De Amerikaanse FCC houdt vast aan de deadline van 14 mei 2007 voor het aftapbaar maken van telefonieverbindingen van breedband- en VoIP-aanbieders.
In augustus 2005 besloot de Federal Communications Commission (FCC) dat telefoongesprekken over breedband en via VoIP vallen onder de CALEA (Communications Assistence for Law Enforcement Act) en dus afgeluisterd mogen worden. VoIP- en breedband-aanbieders kregen daardoor de verplichting om voor 14 mei 2007 hun netwerk zo in te richten dat telefoongesprekken aftapbaar zijn.

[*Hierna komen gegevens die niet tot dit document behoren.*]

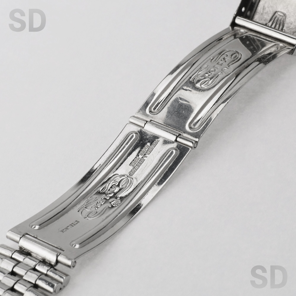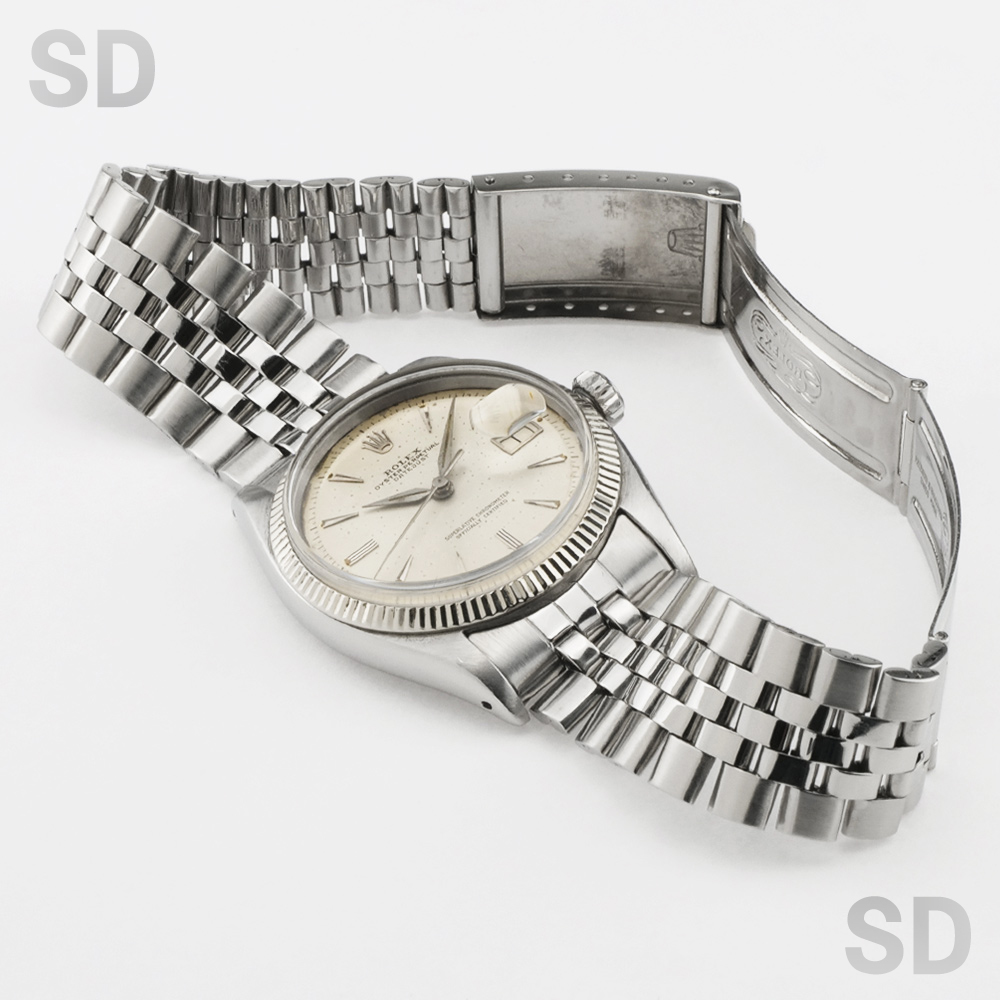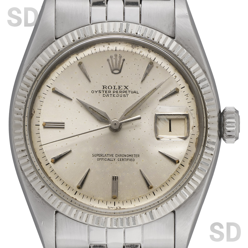 こちらはデイトジャスト第2世代とされるRef.1601の前身モデル。おおよそ1956年〜1959年の3年間程度しか製造されていない貴重なモデルです。当時特有となるクサビインデックスとアルファハンドに、細かな刻みのフルーテッドベゼル。ムーブメントはバタフライローターを搭載した自動巻きCal.1066というヴィンテージ感溢れる1本。Ref.6605の中でも最終に近しい個体な為、カレンダーディスクは黒黒表記となりますが、ヴィンテージテイストが詰まったマニアには堪らない1本です。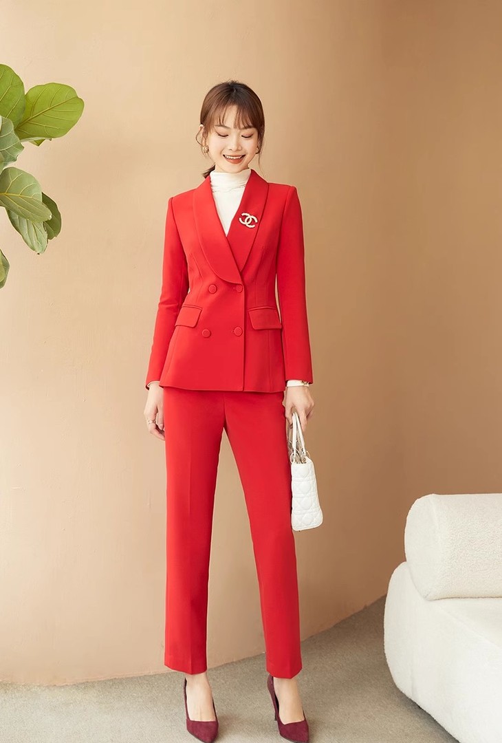 当红色与严谨的职业套装结合,产生了一种奇妙的化学反应。那冷艳的气息,如同盛开的红玫瑰,独立而高雅,为工作环境注入了一股新的生命力。同时,那炽热的气息,犹如初升的太阳,温暖而热情,让人们感受到工作的乐趣和挑战

Bovendien moeten ze vanaf die datum de inhoud van telefoongesprekken voor een bepaalde tijdsperiode opslaan. Dit oordeel volgde op een petitie van het ministerie van Justitie, de FBI en de DEA, die voorstander van aftapmogelijkheden zijn.
De CALEA werd aangenomen in oktober 1994, met als doel wetshandhavers toegang te bieden tot telefonie-netwerken, om zo de misdaad te kunnen bestrijden en de staatsveiligheid te garanderen.
De verplichting geldt alleen voor aanbieders die VoIP-diensten bieden waarmee van en naar het het vaste net gebeld kan worden, omdat alleen deze diensten volgens de FCC onder de Communications Assistance for Law Enforcement Act (CALEA) vallen.